Care does need to be taken because if you do the transfer in anticipation of a sale, HMRC may question the transfer under anti-avoidance rules. You would also need to ensure that any income received after the transfer is divided equally (or in the relevant proportion if an election is made).

If you gift an asset to any other person apart from your spouse (for example your child) then there will be a Capital Gains Tax implication and you need to read the paragraph below under Unmarried couples and other non-business relationships.

Unmarried couples and other non-business relationships

The rental income is assessed on the basis of the entitlement or receipt of the income. Normally receipt and entitlement are the same thing. However, you may choose to have all the income paid to one partner so that there is a tax saving. You would need to ensure that the relevant partner actually received the income into his/her sole bank account, declared it on his/her tax return and we would recommend that there is an agreement in writing. This could not be done in the case of a married couple. The example of Joseph and Sharon above does not apply to unmarried couples.

There are different rules if it is a business partnership (see below).

The cost of a declaration of trust can vary depending on various factors. Here are some key points to consider:

  • The cost of a declaration of trust can depend on the complexity of your situation and the specific requirements of the trust.
  • It is advisable to seek professional advice from a solicitor or a specialist in trust law to draft a declaration of trust tailored to your needs.
  • Solicitors’ fees for drafting a declaration of trust can vary, and it is recommended to obtain quotes from different professionals to compare costs.
  • The fees for a declaration of trust may also depend on the value of the property involved and the extent of legal work required.
  • It is important to note that the cost of a declaration of trust is a one-time expense, but ongoing administration and management of the trust may incur additional fees.

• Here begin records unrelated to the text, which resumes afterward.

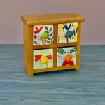 ب.مواد و تکنیک ساخت : قاب محصول چوب روس و راش با تکنیک های نجاری و خراطی و کشو های محصول به وسیله مواد اولیه تولید سرامیک با دمای پخت ۱۰۰۰ درجه می باشد.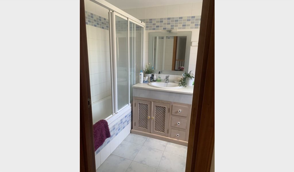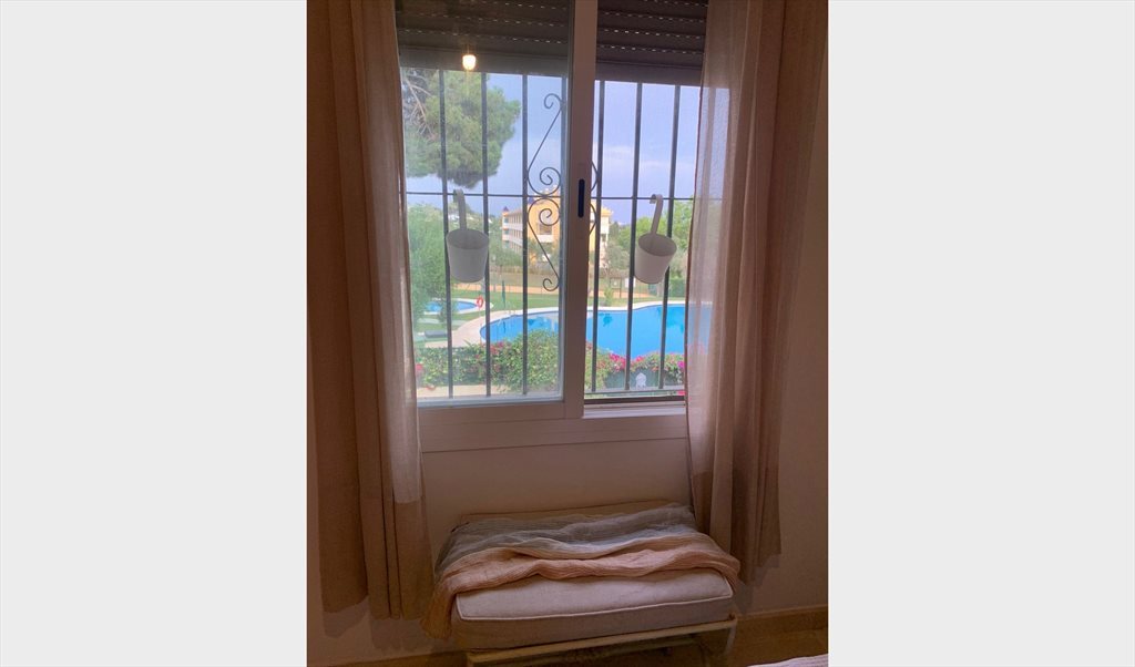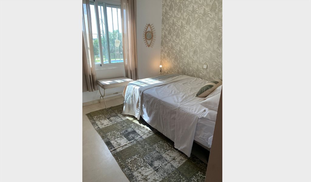La habitación es amplia y tranquila, con cama doble, baño privado y vistas a la piscina. Vivo en una zona residencial muy segura y familiar, al lado de un colegio. A solo dos minutos andando tienes supermercados (Lidl y Mercadona), la parada de bus, y el campo donde paseo cada mañana con mi border collie, que es muy sociable.
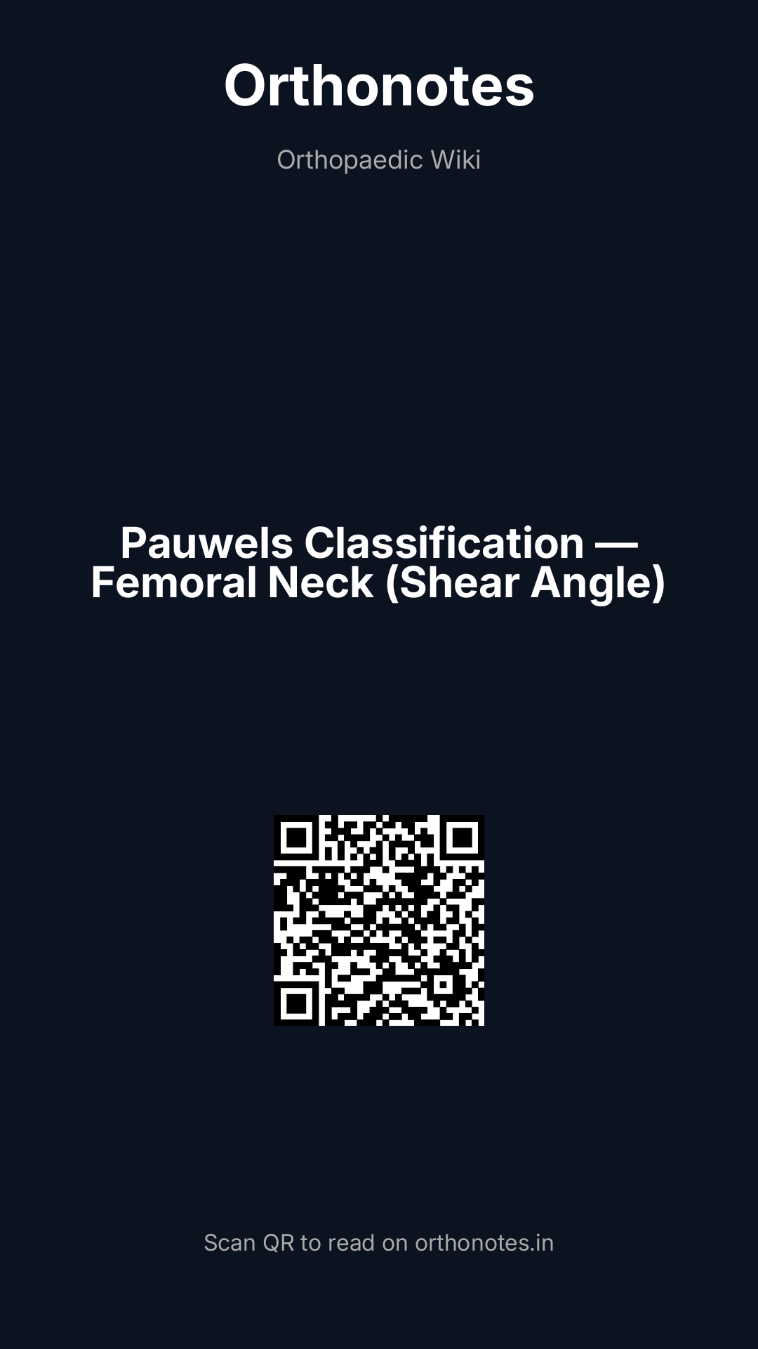 Femoral neck fractures are the most clinically significant fractures in orthopaedic practice — they predominantly occur in elderly osteoporotic patients from low-energy falls, carry a 30-day mortality of approximately 5–10% and 1-year mortality of 25–35%, and their management represents one of the highest volumes of surgical work in orthopaedics worldwide. The Pauwels classification (1935), developed by Friedrich Pauwels, classifies femoral neck fractures by the angle that the fracture line makes with the horizontal — the `Pauwels angle`. This angle is a direct indicator of the ratio of shear forces to compressive forces acting at the fracture site, and therefore predicts the mechanical stability of the fracture and the risk of non-union or implant failure. While the Garden classification (grading displacement) is more commonly used clinically, the Pauwels system remains fundamental for understanding femoral neck fracture biomechanics.

To get an accurate estimate of the cost of a declaration of trust for your specific circumstances, it is best to consult with a solicitor who specializes in trust law. They will be able to provide you with personalised advice and a breakdown of the associated costs.

Business partnerships

Normally, jointly owned properties are not treated as a partnership. However, if you provide services as well as letting out the property or you carry on another business and property is let out as part of that business e.g. a farming partnership which also lets out some of the farmhouses to tenants, then the income will be returned on the partnership income tax return.

Normally, the income from the property will be included in the business accounts and the accounting date may not end on 5th April. The rental income will usually be split in the same way as the partnership profits and is included as part of your partnership income rather than income from property on your individual self-assessment tax return.

If you also hold properties in a different capacity, your share of the losses from the partnership properties cannot be set against your property income and vice versa.

Pension Schemes

Commercial properties can be held in a pension scheme but residential properties cannot be held by a pension scheme.

It is possible to operate a business from premises owned by your pension scheme. The rent and pension contributions paid by your limited company are normally allowed for corporation tax purposes. The rent and pension contributions roll up tax-free and can be used to pay you a pension after you reach the age of 55.

There are specific rules and independent advice needs to be sought before you set up a self-administered pension scheme.

Limited Companies

The profits and capital gains from a property are liable to corporation tax and there may be an additional liability if you distribute the income to yourself. Please see our article “Is it worth having a limited company?”

Trusts

It is possible to hold property in trust. Trusts are assessed to income tax on property income either at the basic rate (currently 20%) or the trust rate (currently 45%) and capital gains over the exemption (which is usually one-half of the individual exemption) are taxed at 28% for residential properties or 20% for other gains.